§ Problem requirements
Below are some entries. Transcribe the lines from the one holding "507 m 2 | 1" to the one holding "近日，遵义市图书馆2025年", inclusive, but not the pictures among them.

§ Material to process
..............................
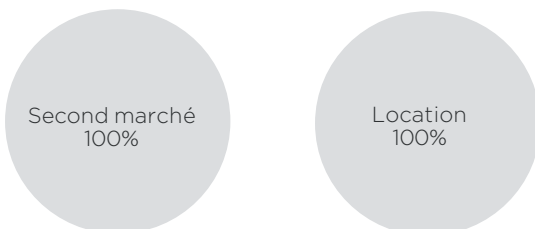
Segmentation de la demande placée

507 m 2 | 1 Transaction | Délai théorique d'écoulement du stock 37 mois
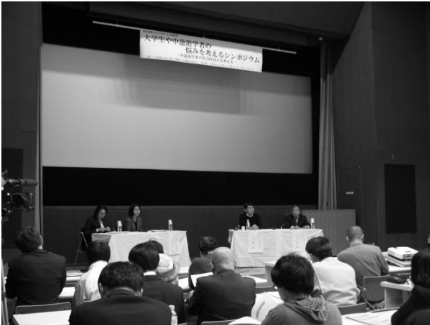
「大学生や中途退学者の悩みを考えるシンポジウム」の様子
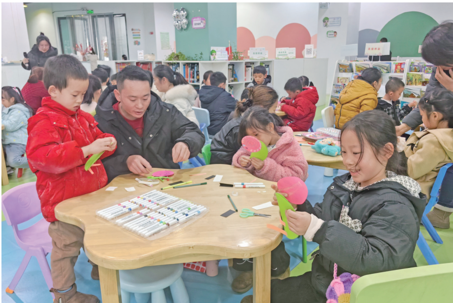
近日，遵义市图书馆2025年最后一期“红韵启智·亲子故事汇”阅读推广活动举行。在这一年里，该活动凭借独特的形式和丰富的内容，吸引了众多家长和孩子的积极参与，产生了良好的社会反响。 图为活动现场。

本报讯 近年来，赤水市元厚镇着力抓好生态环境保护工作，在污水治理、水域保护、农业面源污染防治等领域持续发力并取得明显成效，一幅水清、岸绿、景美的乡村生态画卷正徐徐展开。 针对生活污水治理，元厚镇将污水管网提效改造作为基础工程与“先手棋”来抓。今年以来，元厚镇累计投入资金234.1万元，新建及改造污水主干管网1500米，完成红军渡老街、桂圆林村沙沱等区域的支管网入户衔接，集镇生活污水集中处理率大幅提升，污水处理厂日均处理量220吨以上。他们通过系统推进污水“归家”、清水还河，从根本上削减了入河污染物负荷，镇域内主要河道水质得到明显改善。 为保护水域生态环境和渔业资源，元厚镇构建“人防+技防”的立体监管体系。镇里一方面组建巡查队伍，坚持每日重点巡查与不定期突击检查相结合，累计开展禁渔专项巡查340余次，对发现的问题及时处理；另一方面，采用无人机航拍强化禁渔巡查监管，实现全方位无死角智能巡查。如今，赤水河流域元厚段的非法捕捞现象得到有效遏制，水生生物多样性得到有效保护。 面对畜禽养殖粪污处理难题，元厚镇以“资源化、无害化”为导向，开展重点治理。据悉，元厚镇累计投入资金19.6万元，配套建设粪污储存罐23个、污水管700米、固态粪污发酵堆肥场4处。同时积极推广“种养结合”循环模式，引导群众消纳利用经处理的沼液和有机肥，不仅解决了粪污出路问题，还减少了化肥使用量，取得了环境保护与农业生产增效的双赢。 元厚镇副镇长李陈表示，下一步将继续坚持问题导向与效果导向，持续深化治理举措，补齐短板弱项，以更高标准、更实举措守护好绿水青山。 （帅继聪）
..............................
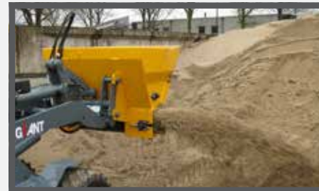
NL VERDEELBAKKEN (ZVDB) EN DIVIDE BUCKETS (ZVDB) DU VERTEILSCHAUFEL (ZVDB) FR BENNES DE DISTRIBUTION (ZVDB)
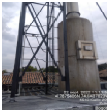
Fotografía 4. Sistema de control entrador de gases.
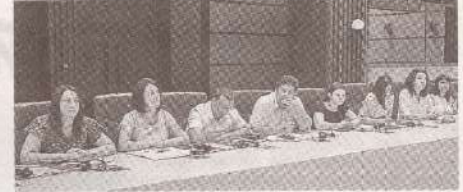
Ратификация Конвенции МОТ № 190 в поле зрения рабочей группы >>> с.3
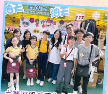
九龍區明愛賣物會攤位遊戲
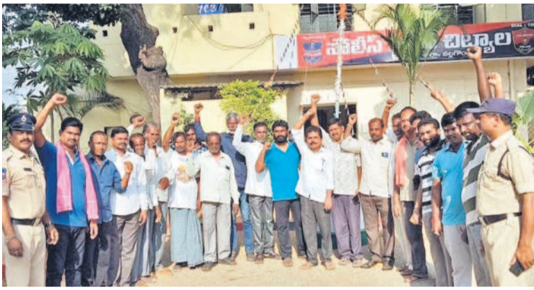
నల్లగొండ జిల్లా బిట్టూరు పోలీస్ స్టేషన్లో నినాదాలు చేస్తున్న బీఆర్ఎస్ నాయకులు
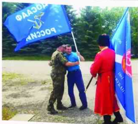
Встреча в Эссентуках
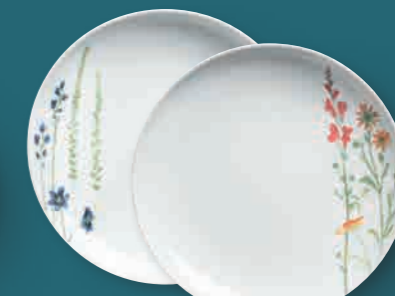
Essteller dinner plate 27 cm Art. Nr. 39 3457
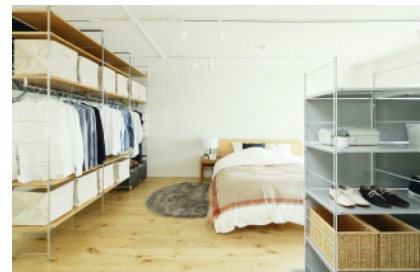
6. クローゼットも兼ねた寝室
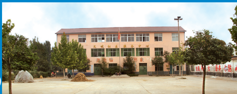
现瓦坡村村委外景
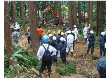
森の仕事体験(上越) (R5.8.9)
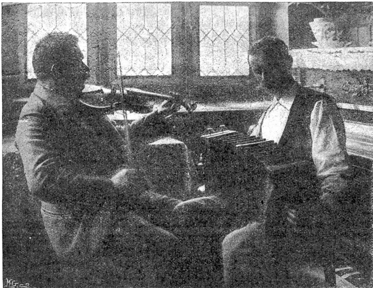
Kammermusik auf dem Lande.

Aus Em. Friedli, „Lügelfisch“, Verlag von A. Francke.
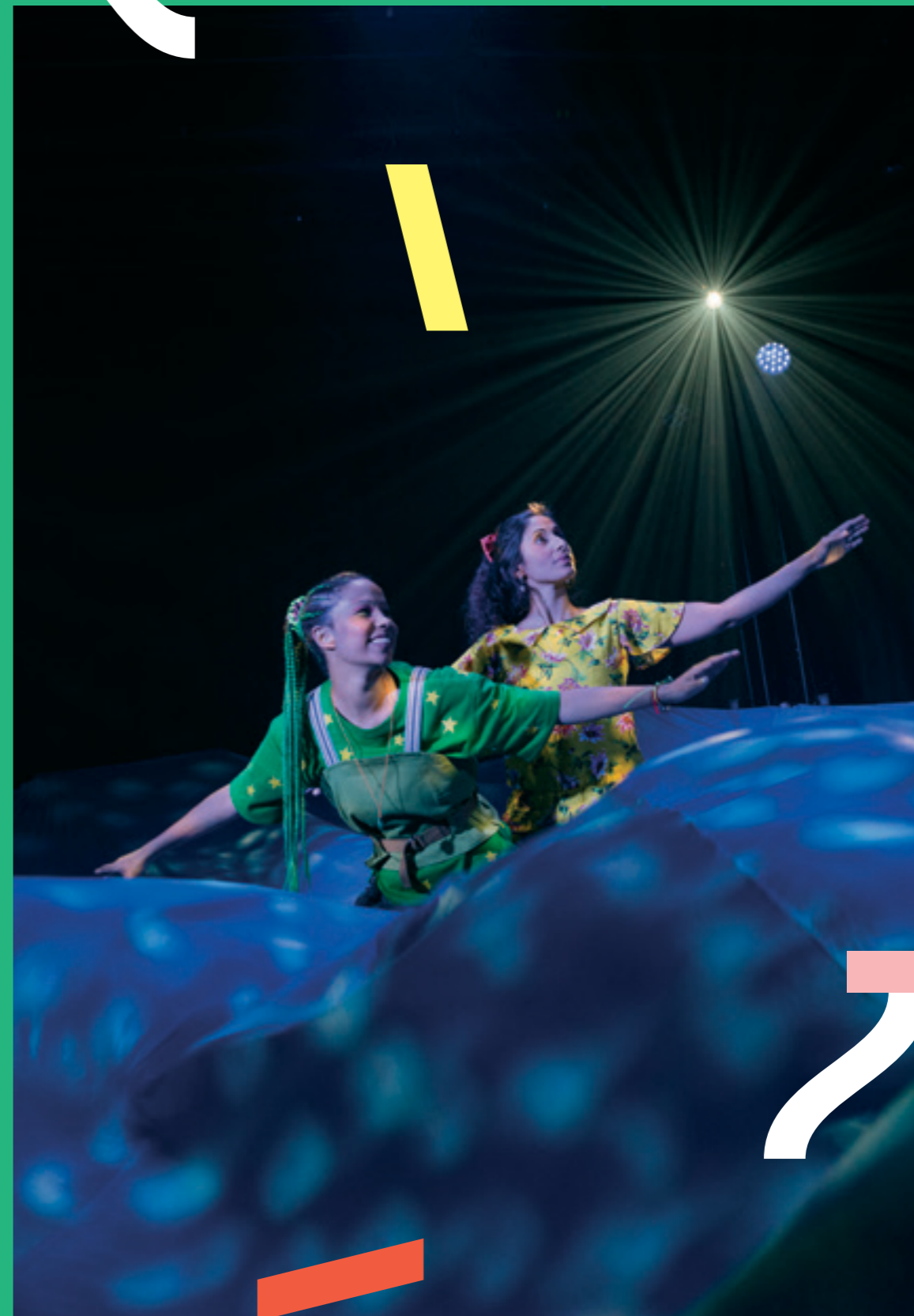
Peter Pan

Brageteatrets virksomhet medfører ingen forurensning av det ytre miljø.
..............................
§ The answer
507 m 2 | 1 Transaction | Délai théorique d'écoulement du stock 37 mois
「大学生や中途退学者の悩みを考えるシンポジウム」の様子
近日，遵义市图书馆2025年最后一期“红韵启智·亲子故事汇”阅读推广活动举行。在这一年里，该活动凭借独特的形式和丰富的内容，吸引了众多家长和孩子的积极参与，产生了良好的社会反响。 图为活动现场。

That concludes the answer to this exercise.